To resolve the matter, one might read Professor Currie, “Notes on Methods and Objectives in the Conflict of Laws,” (1959 Duke L. J. 171) and, without further ado, apply the law of the forum. Or one might say that since plaintiff and defendant are New Yorkers litigating in a New York court, they would reasonably expect that the controversy be determined in accordance with New York law.
Tn any event, I hold that under New York’s choice-of-law principles, the law applicable to this case is New York’s.
Under New York law, defendant converted the rings in August, 1969, when the bank made a demand and defendant failed to return them. The action was commenced on March 22, 1971. Since the Statute of Limitations for conversion is three years (CPLR 214, subd. 3) “ computed from the time the cause of action accrued to the time the claim is interposed,” (CPLR 203, .subd. [a]) plaintiff argues that its suit is timely. The point is more complicated than that.
Subdivision (a) of CPLR 206 provides: “ where a demand is necessary to entitle a person to commence an action, the time within which the action must be commenced shall be computed from the time when the right to make the demand is complete [with two exceptions not relevant here].” In short, the Statute of Limitations runs, not from the demand, but from the time when the bank was entitled to make the. demand. Were the rule otherwise, a plaintiff might extend the statute indefinitely, merely by postponing the making of a demand.
Here, the bank was entitled to make a demand on December 12,1967, the day it mistakenly gave the rings to defendant. Of course, the bank was ignorant until August, 1969, of the facts which gave it the right to make a demand. But ignorance does not stop the clock, (General Stencils v. Chiappa, 18 N Y 2d 125, 127; Guild v. Hopkins, 271 App. Div. 234, 244, affd. without opn. 297 N. Y. 477), unless the defendant engages in fraudulent or misleading conduct, ibid., which this defendant did not.
The Statute of Limitations therefore ran on December 12, 1970, three years from the time when the bank’s right to make a demand was complete. Because the action was commenced three months later, it is time-barred.

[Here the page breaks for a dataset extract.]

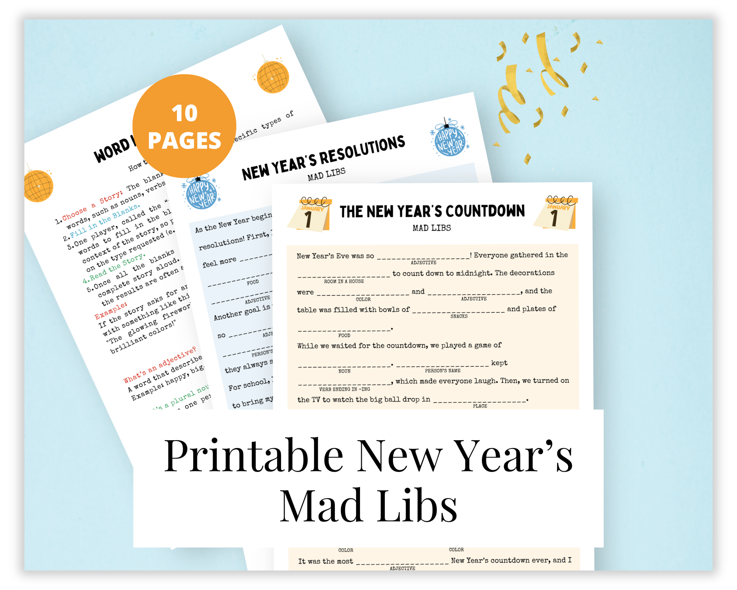 Whether you’re reminiscing about the past year or getting excited for the upcoming year, New Year Mad Libs are the perfect way to make your New Year's celebration the best one yet!

For these reasons, I deny plaintiff’s motion for summary judgment and grant defendant’s cross motion for summary judgment. The complaint is dismissed.
V
I have held that defendant committed a conversion. Had I not, the complaint would have failed to state a cause of action and been dismissed.
I have held that “ accrual of the cause of action” is substantive. Had I held it to be procedural, the law of the forum would have applied and, under subdivision (a) of CPLR 206, the complaint would have been dismissed.
I have held that, under New York’s choice-of-law principles, New York law applies. Had I not, Pennsylvania law would have
Behind every decision, it seems, walks the ghost of its opposite.